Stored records
+===+
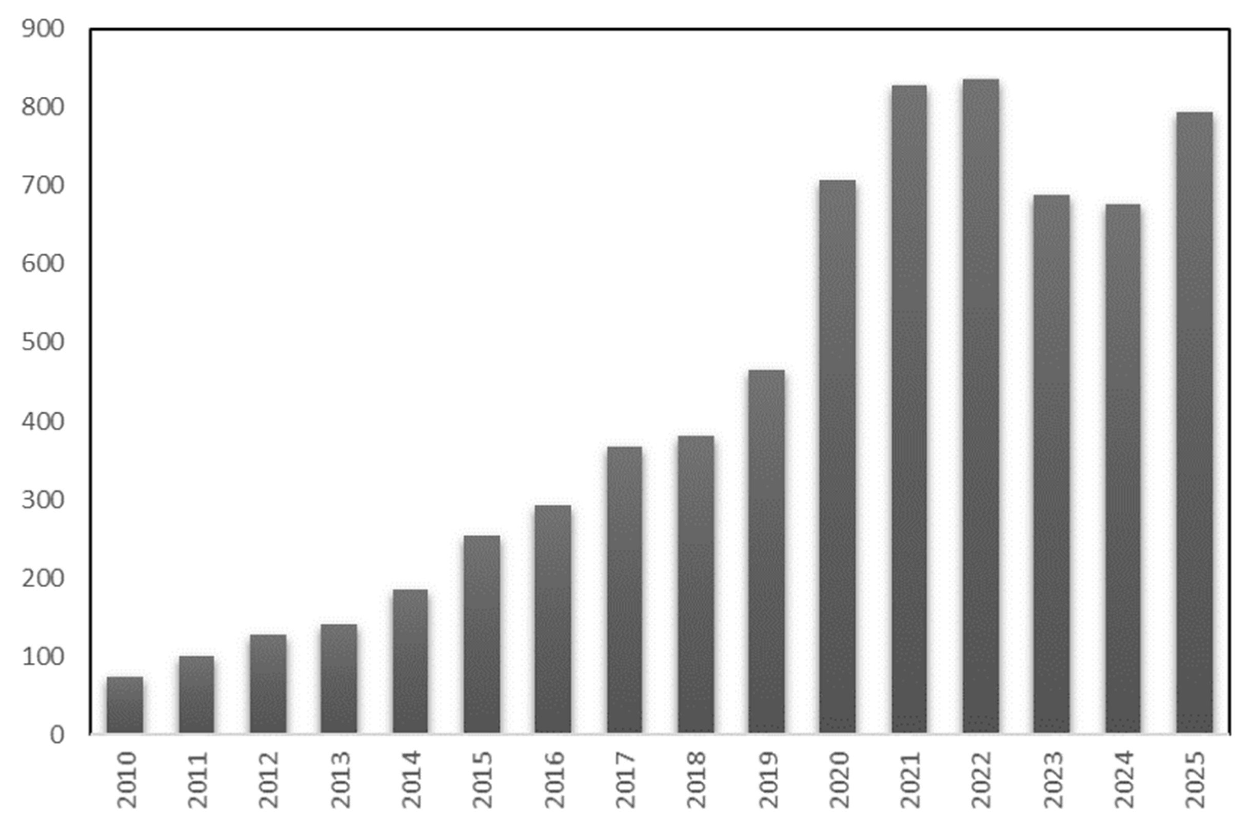 Figure 3. Number of Publications on Hierarchical Nanostructures for Electrochemical Detection (2010–2025).
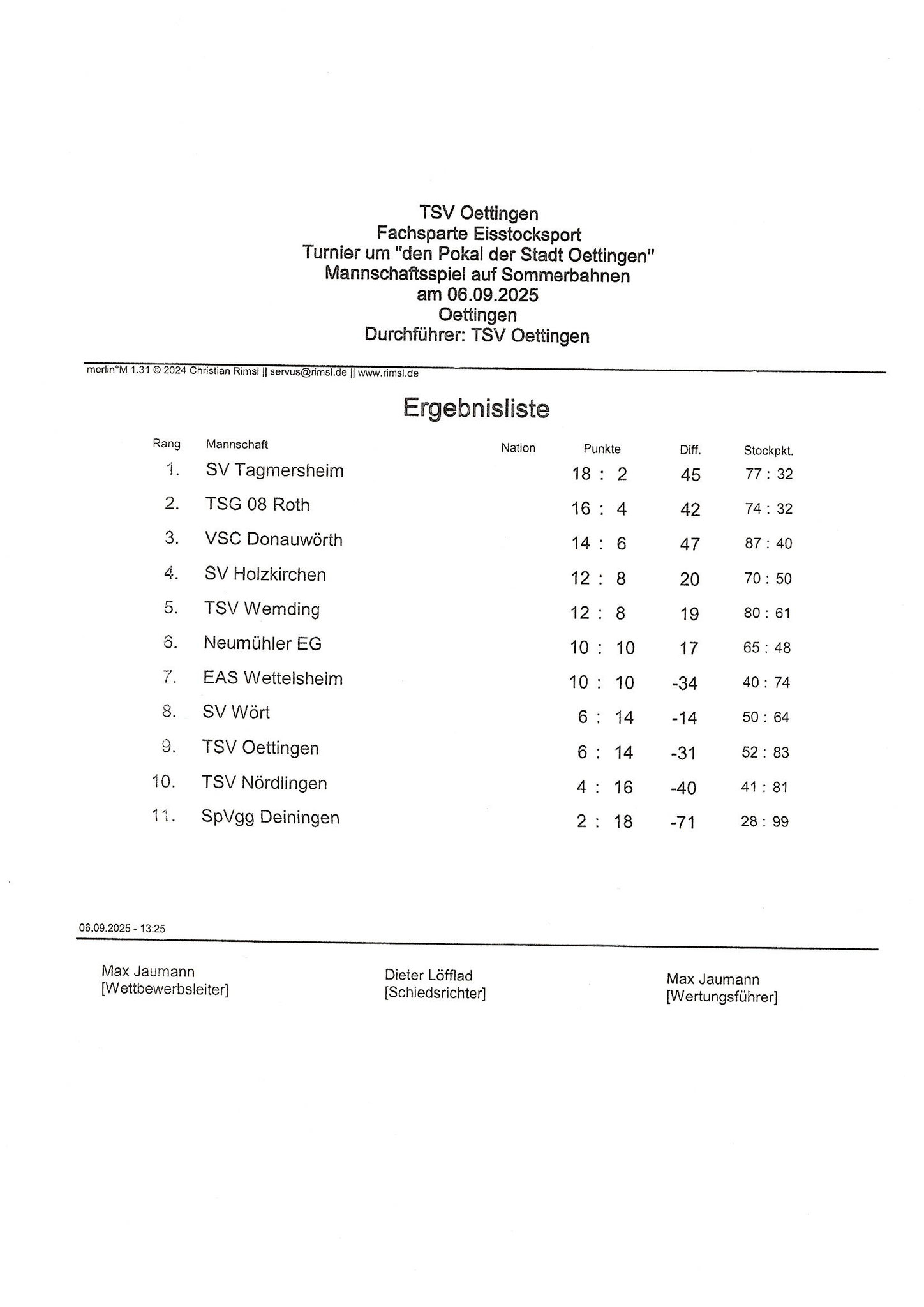 Beim Turnier um "den Pokal der Stadt Oettingen" am 06.09.2025 in Oettingen belegten die Stockschützen der SpVgg Deiningen den letzten Platz.
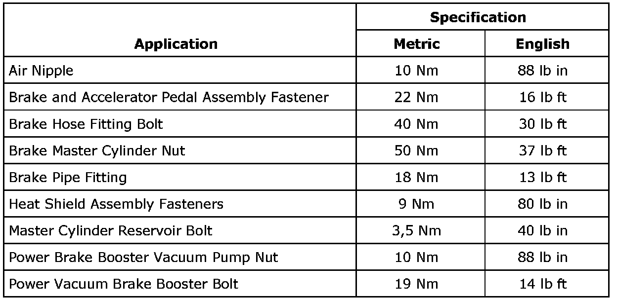 Fastener Tightening Specifications
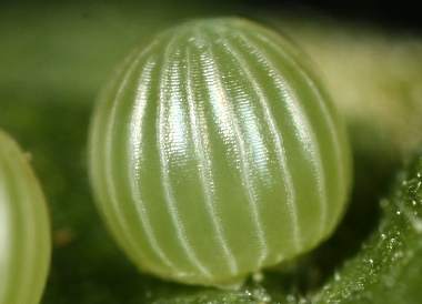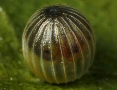 (参考) 孵化間近の卵(直径1.3mm) 2011年8月22日撮影 2011年8月16日産卵 鹿児島県奄美市笠利町 母蝶採集 by T氏 上に示した青い卵と同時に産まれたものですが、少し冷却していたのでその冷え方によって発生の程度が異なるようです。 トップページへ |
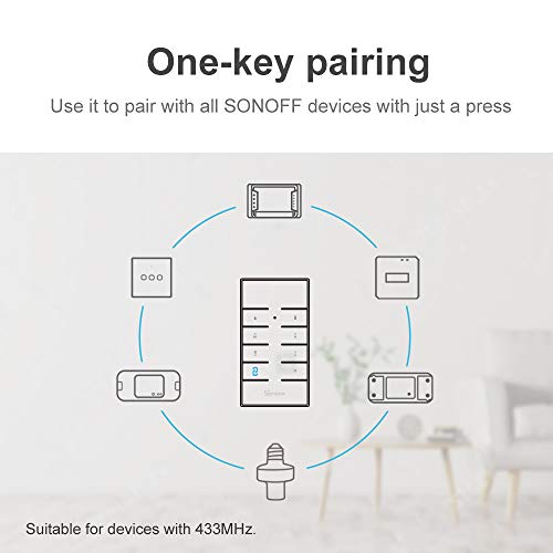 SONOFF - ريموت كونترول بتردد 433 ميجاهيرتز من سونوف متوافق مع اجهزة ار اف 4 قنوات برو 2 بريدج وتي اكس بدون قاعدة - RM433 لمروحة
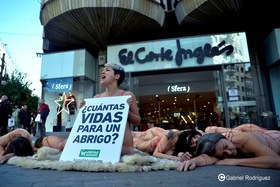 Activistas de la organización AnimaNaturalis se han concentrado el domingo 22 de diciembre en Valencia desnudos, con sangre artificial y amontonados unos sobre otros para reclamar que en España se legisle contra el uso de piel animal en la fabricación de prendas de vestir.
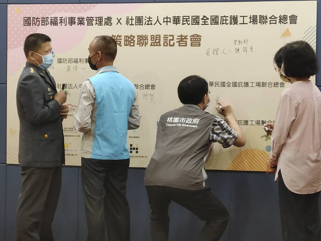 今日的簽約記者會,在立法委員湯蕙禎力促之下,國防部福利事業管理處處長吳俊一上校與社團法人中華民國全國庇護工場聯合總會總會長胡神賀,順利完成策略聯盟計畫簽訂儀式,現場並由桃園市政府勞動局局長吳宏國、勞動力發展署副署長鍾錦季、貴賓們及12家庇護工場店主,一起觀禮見證。
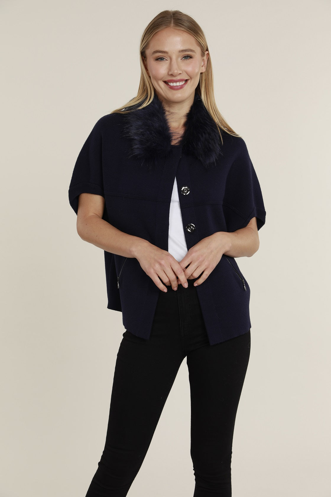 Drape yourself in the coziest comfort this fall with our Structured Short Sleeved Cardigan with Faux Fur Collar. Made of soft knit and featuring a plush collar, this unique piece adds cool sophistication to your casual outfits. It features front zip pockets, wide short sleeves, and snap closures for a secure fit. Perfect for layering, this structured cardigan is the ideal choice for chilly days, combining warmth and fashion effortlessly.
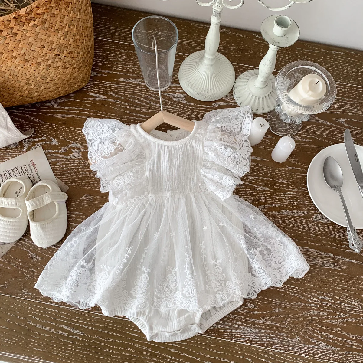 Muslin Baby Clothes Pure Cotton One-Piece Harem Dress with Lace Embroidered Princess Mesh New Summer Casual Styles Baby Rompers
+===+
_Exercise_
Down to the last line, set down the data above exactly, and omit all images.

_Response area_
 Figure 3. Number of Publications on Hierarchical Nanostructures for Electrochemical Detection (2010–2025).
 Beim Turnier um "den Pokal der Stadt Oettingen" am 06.09.2025 in Oettingen belegten die Stockschützen der SpVgg Deiningen den letzten Platz.
 Fastener Tightening Specifications
 (参考) 孵化間近の卵(直径1.3mm) 2011年8月22日撮影 2011年8月16日産卵 鹿児島県奄美市笠利町 母蝶採集 by T氏 上に示した青い卵と同時に産まれたものですが、少し冷却していたのでその冷え方によって発生の程度が異なるようです。 トップページへ |
 SONOFF - ريموت كونترول بتردد 433 ميجاهيرتز من سونوف متوافق مع اجهزة ار اف 4 قنوات برو 2 بريدج وتي اكس بدون قاعدة - RM433 لمروحة
 Activistas de la organización AnimaNaturalis se han concentrado el domingo 22 de diciembre en Valencia desnudos, con sangre artificial y amontonados unos sobre otros para reclamar que en España se legisle contra el uso de piel animal en la fabricación de prendas de vestir.
 今日的簽約記者會,在立法委員湯蕙禎力促之下,國防部福利事業管理處處長吳俊一上校與社團法人中華民國全國庇護工場聯合總會總會長胡神賀,順利完成策略聯盟計畫簽訂儀式,現場並由桃園市政府勞動局局長吳宏國、勞動力發展署副署長鍾錦季、貴賓們及12家庇護工場店主,一起觀禮見證。
 Drape yourself in the coziest comfort this fall with our Structured Short Sleeved Cardigan with Faux Fur Collar. Made of soft knit and featuring a plush collar, this unique piece adds cool sophistication to your casual outfits. It features front zip pockets, wide short sleeves, and snap closures for a secure fit. Perfect for layering, this structured cardigan is the ideal choice for chilly days, combining warmth and fashion effortlessly.
 Muslin Baby Clothes Pure Cotton One-Piece Harem Dress with Lace Embroidered Princess Mesh New Summer Casual Styles Baby Rompers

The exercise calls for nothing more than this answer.